— Action item —
Would you transcribe only the lines from the one holding "Forste land som" through the end of the material, exactly, without any pictures?

+ + + + + + +

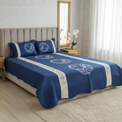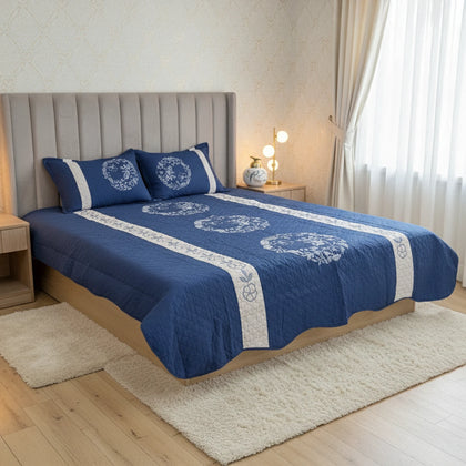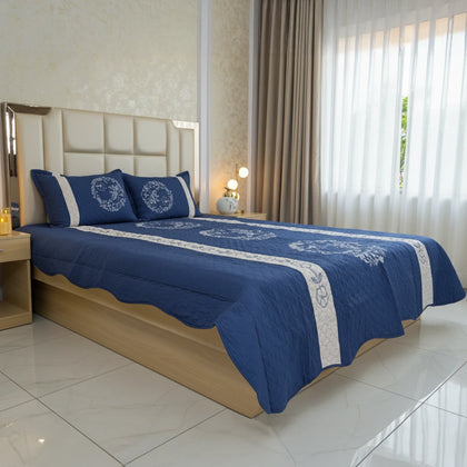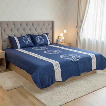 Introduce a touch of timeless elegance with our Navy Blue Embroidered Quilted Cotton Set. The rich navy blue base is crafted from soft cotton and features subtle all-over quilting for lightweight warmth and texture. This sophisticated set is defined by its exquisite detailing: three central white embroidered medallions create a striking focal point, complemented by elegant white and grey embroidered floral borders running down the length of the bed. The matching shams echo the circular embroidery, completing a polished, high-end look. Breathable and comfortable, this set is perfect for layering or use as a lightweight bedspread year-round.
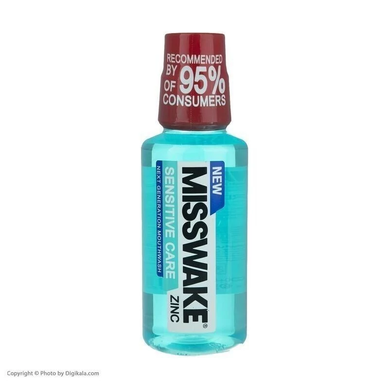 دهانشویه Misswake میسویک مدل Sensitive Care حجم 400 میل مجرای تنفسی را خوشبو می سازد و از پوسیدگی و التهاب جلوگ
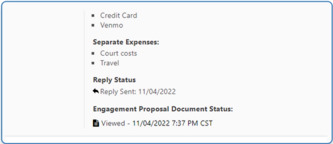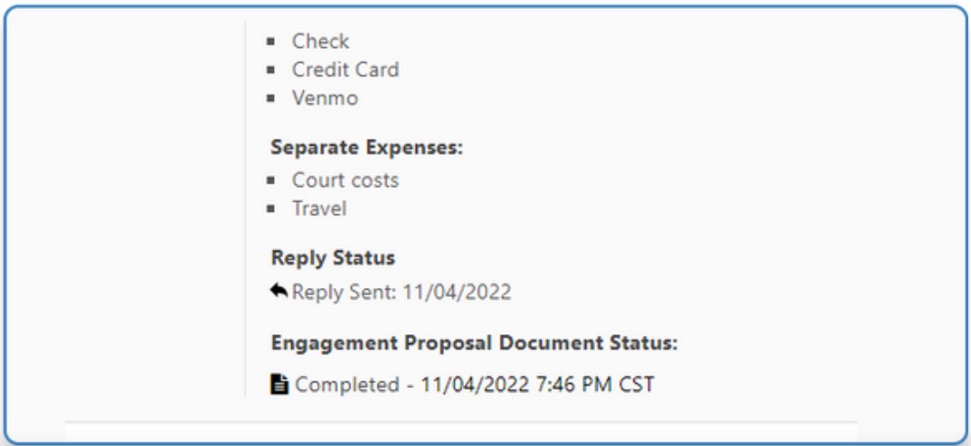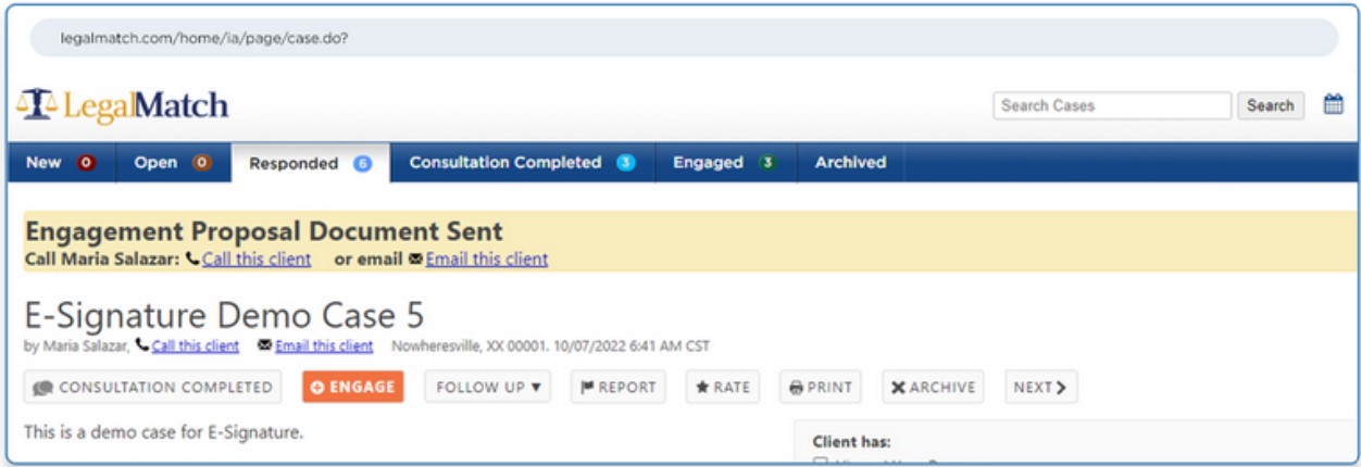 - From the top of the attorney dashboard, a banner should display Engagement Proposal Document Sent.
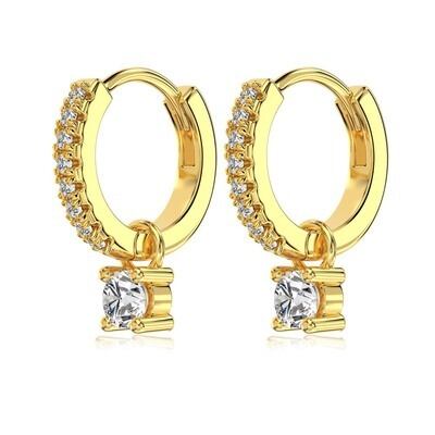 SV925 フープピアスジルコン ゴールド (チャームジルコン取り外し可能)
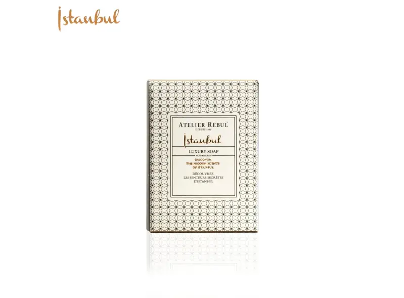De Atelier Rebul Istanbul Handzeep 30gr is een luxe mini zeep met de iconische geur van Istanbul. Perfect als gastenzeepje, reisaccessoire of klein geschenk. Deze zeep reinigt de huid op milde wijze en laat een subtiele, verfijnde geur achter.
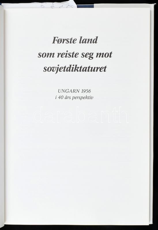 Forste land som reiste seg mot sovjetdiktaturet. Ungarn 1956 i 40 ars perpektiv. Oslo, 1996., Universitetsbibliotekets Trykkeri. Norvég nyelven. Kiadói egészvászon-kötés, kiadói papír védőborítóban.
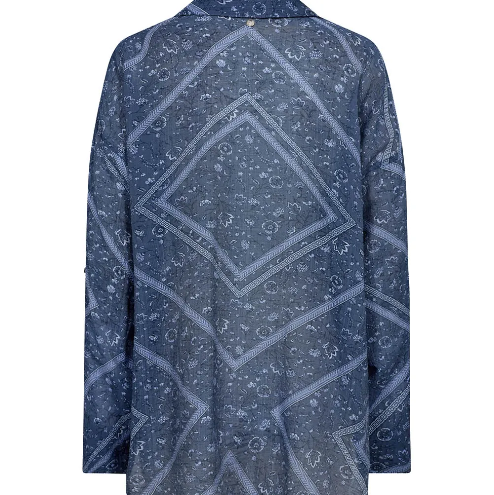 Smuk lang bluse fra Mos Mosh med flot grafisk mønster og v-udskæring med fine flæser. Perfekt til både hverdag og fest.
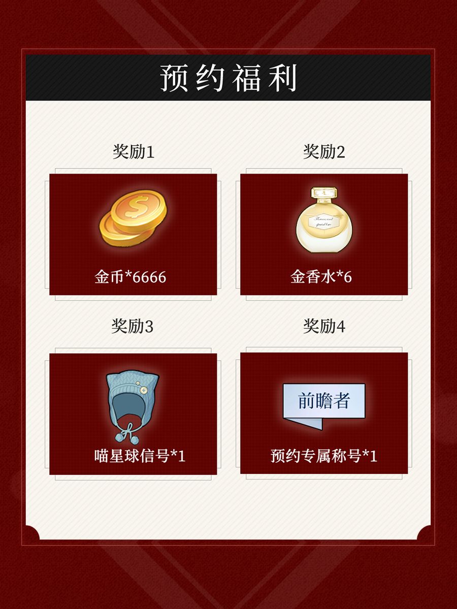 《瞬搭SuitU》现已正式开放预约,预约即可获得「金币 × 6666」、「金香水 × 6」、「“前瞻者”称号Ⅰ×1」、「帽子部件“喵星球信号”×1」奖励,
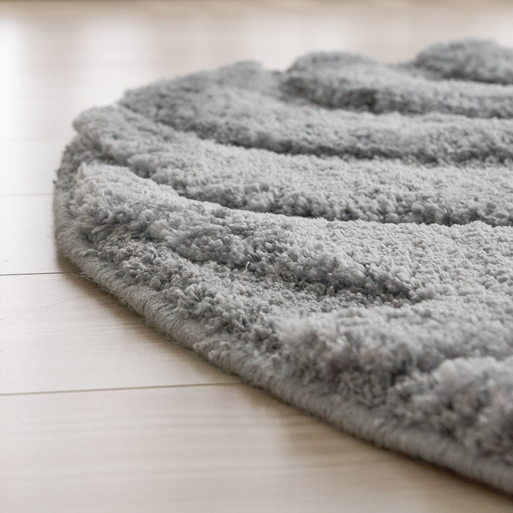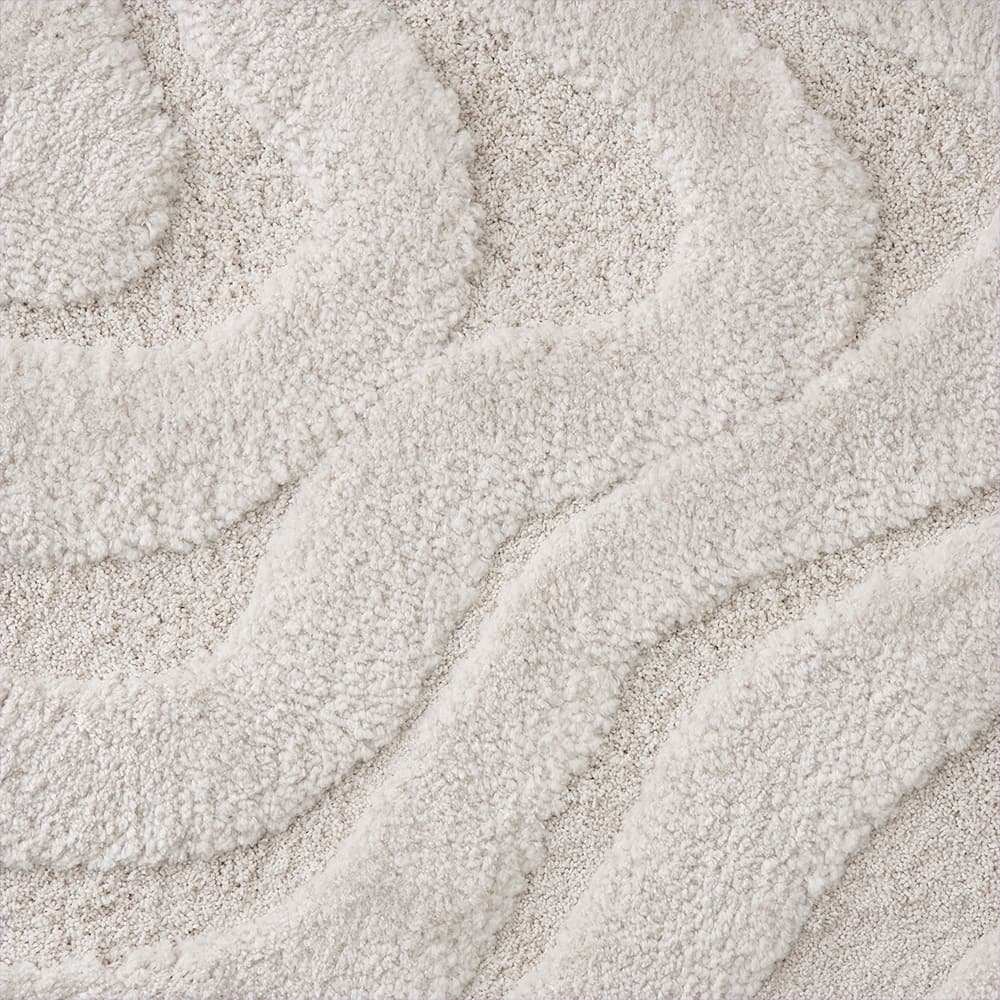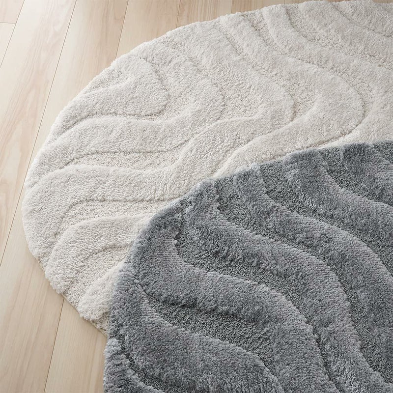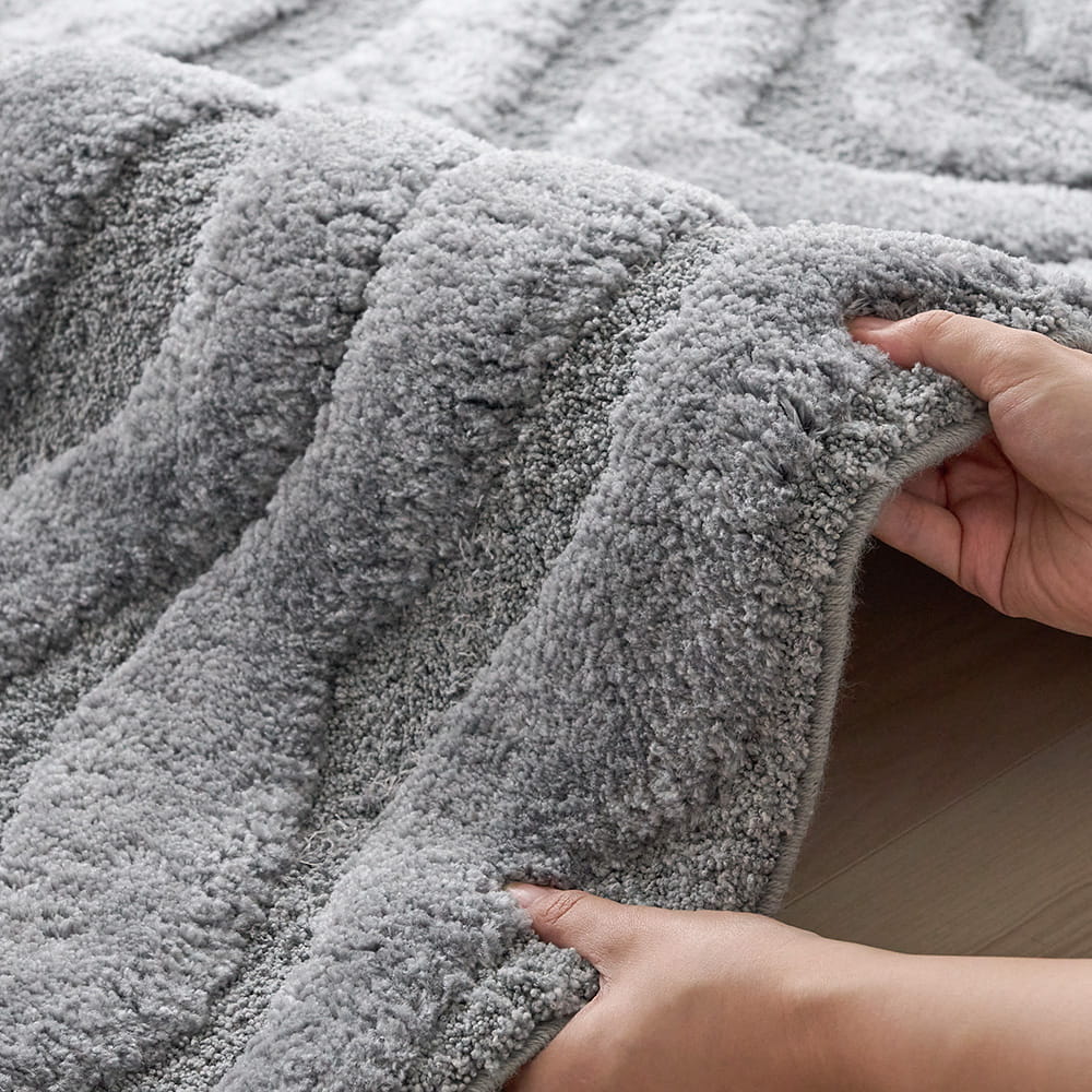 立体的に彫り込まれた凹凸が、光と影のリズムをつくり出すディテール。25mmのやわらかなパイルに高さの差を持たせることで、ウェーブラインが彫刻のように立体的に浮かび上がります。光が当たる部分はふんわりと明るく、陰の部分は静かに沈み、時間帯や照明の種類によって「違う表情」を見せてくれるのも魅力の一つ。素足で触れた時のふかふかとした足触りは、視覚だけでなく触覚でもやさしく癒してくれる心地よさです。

+ + + + + + +

— Your solution —
 Forste land som reiste seg mot sovjetdiktaturet. Ungarn 1956 i 40 ars perpektiv. Oslo, 1996., Universitetsbibliotekets Trykkeri. Norvég nyelven. Kiadói egészvászon-kötés, kiadói papír védőborítóban.
 Smuk lang bluse fra Mos Mosh med flot grafisk mønster og v-udskæring med fine flæser. Perfekt til både hverdag og fest.
 《瞬搭SuitU》现已正式开放预约,预约即可获得「金币 × 6666」、「金香水 × 6」、「“前瞻者”称号Ⅰ×1」、「帽子部件“喵星球信号”×1」奖励,
 立体的に彫り込まれた凹凸が、光と影のリズムをつくり出すディテール。25mmのやわらかなパイルに高さの差を持たせることで、ウェーブラインが彫刻のように立体的に浮かび上がります。光が当たる部分はふんわりと明るく、陰の部分は静かに沈み、時間帯や照明の種類によって「違う表情」を見せてくれるのも魅力の一つ。素足で触れた時のふかふかとした足触りは、視覚だけでなく触覚でもやさしく癒してくれる心地よさです。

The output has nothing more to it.